I had one of the first YCV blue's, back when they were a limited run of 50 or 100 for Canada only. Traded it in last year only because my boys' needed a half stack for their band. We all (4 out of 5 in my house play) loved that amp, it gave us great service without ever a problem. Changed out the power tubes probably before it needed doing, never did change the preamp tubes or speaker. Oh, and it was JJ's and one gave up the ghost very quickly so I had to buy another, I forget what it was I put in there now.

It can sure as heck do blues, use the clean channel volume to taste, with the master volume up high. You can go from crystal clear to edgy to quite overdriven.

It won't have as much gain as the YCS. I liked the YCV50 for blues to rock to hard rock, it was a smokin good amp. 

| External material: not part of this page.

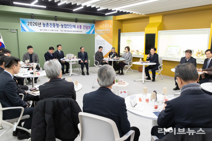 이승돈 농촌진흥청장은 3일 오전 국립식량과학원 중북부작물연구센터(경기도 수원시)에서 한국농축산연합회 이승호 회장을 비롯한 농업인단체장과 간담회를 갖고, 2026년 업무 계획 공유 및 농업 현안을 논의했다.
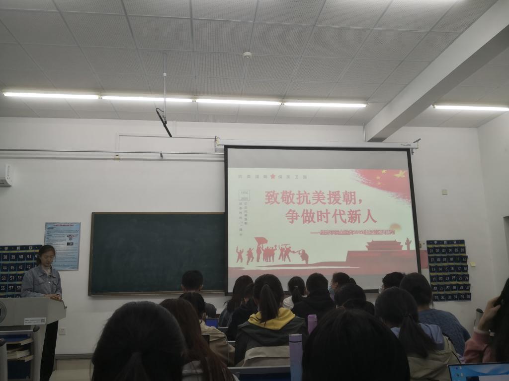 除此之外,金融类2002班举行了以抗美援朝为主要内容的主题班会。会上,团支书朱琛进一步强调了“铭记历史,珍爱和平”的主题思想,并且为本次活动做了进一步升华。随后开展了经典抗美援朝影视作品观看,历史介绍等活动。通过一系列的主题教育,让各位同学更加深入了解了抗美援朝的历史,提升了同学们对战争以及和平的进一步认识,同时也向因战争而失去生命的英雄致敬。班会结尾,同学们写下了对此次本次活动的心得,并纷纷表示为志愿军们感到自豪,作为共产主义接班人的我们应该时刻秉持使命担当,不负大国情怀,用青春的力量点亮祖国的未来。

The place I traded it in still has it on the floor, listed @ $599


----------



## Swifty (Mar 23, 2009)

I've owned both & still have the YCS-50 combo. Found the clean channel on the YCS had a more variety & liked my dirt pedals a little more. The stock tubes in the YCS are brutal though, Tung-Sols made a huge difference as did getting enough hours on the V30 to break it in. Both are decent R & R amps for the $$$ involved.


----------



## lbrown1 (Mar 22, 2007)

ok - dilemma over

I still think that if I was to be honest - I liked the more versatile set of features in the YCS50 even if it is frugly....but for $900 plus taxes.....didn't like it THAT much more

I bought the used YCV50 Blue with the eurotube mod noted previously in this thread.....sounds great - has all the "must have's" that I was looking for.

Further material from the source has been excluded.